# Brown Butter Bourbon Banana Bread



## kleenex (Nov 2, 2014)

Brown Butter Bourbon Banana Bread recipe on Food52.com

Bread with a little booze, you can't go wrong


----------



## Kathleen (Nov 2, 2014)

I cannot stop repeating the name.  If only someone would not toss out my overripe bananas.


----------



## GotGarlic (Nov 2, 2014)

You gotta sneak them into the freezer, Kathleen!


----------



## Kathleen (Nov 2, 2014)

GotGarlic said:


> You gotta sneak them into the freezer, Kathleen!



I don't think it would last that long, GG!


----------



## GotGarlic (Nov 3, 2014)

I meant the bananas, silly!


----------



## Kathleen (Nov 4, 2014)

I try.  I try.


----------



## Chief Longwind Of The North (Nov 4, 2014)

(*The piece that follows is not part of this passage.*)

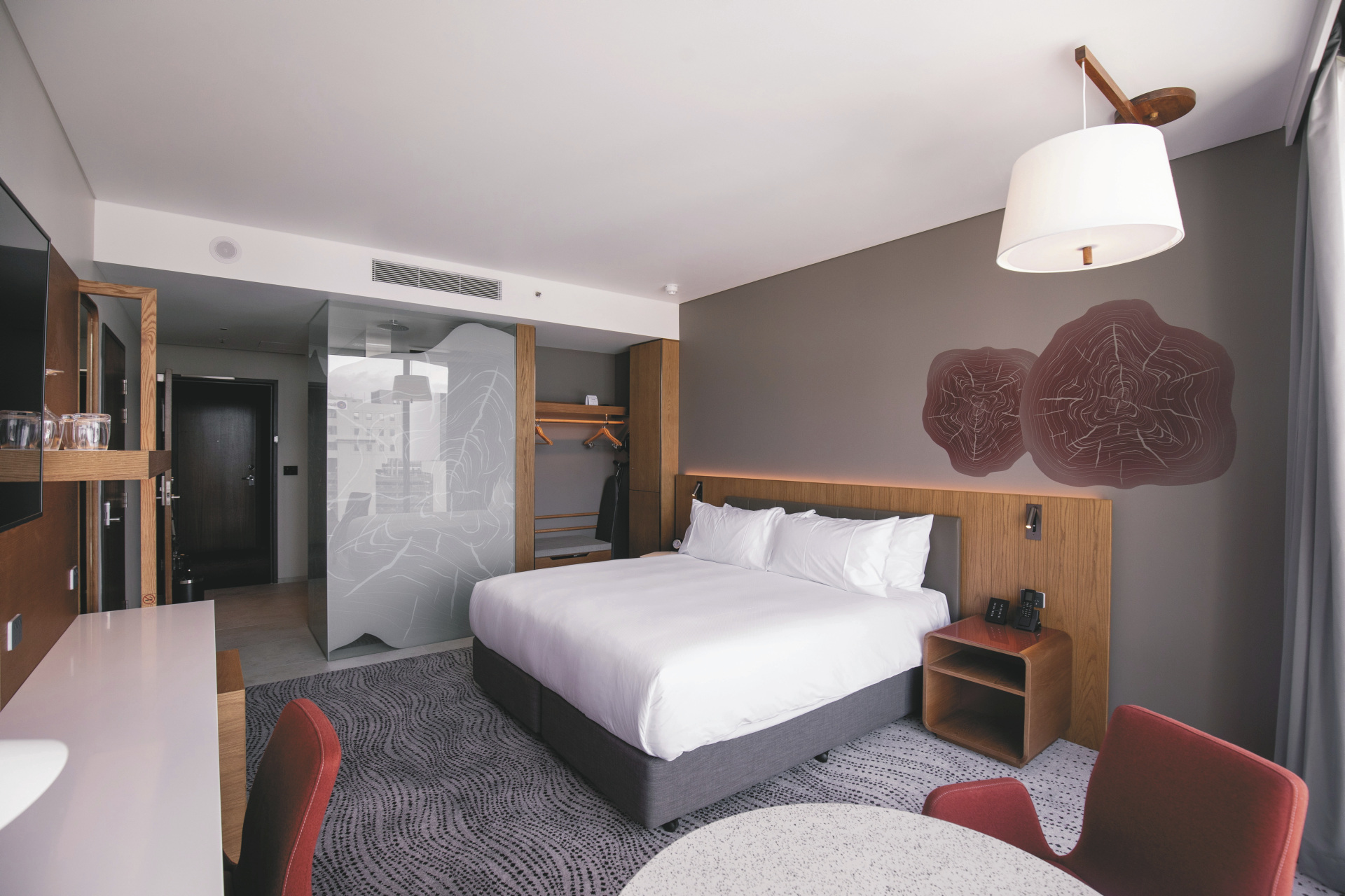 235 geräumige Zimmer auf den Etagen 5 - 11, mit bodentiefen Fenstern und Blick auf die Stadt und den Hafen. Alle komfortabel ausgestattet u.a. mit Heizung/Klimaanlage, Bad mit Dusche, Fön, Sitzgelegenheit, Zimmersafe, Minibar und Tee-/Kaffeekochgelegenheit. Für Gäste der Club-Zimmer gibt es eine exklusive Club-Lounge.

Ok, we all know I hate the flavor of alcoholic beverages, and anything that's cooked with them for the most part.  But we also know that most people love things like Bananas Foster.  So with that in mind, what if after baking, and letting your desert bread cool, you were to pour a little rum on top and ignite it, or maybe serve up slices of your banana bread with Bananas Foster on top?

Just a thought.

Seeeeeeya; Chief Longwind of the north


----------



## medtran49 (Nov 5, 2014)

Chief Longwind Of The North said:


> Ok, we all know I hate the flavor of alcoholic beverages, and anything that's cooked with them for the most part. But we also know that most people love things like Bananas Foster. So with that in mind, what if after baking, and letting your desert bread cool, you were to pour a little rum on top and ignite it, or maybe serve up slices of your banana bread with Bananas Foster on top?
> 
> Just a thought.
> 
> Seeeeeeya; Chief Longwind of the north


 
We've done it with Banana Foster's on top with just regular banana bread before.  YUMMY!


----------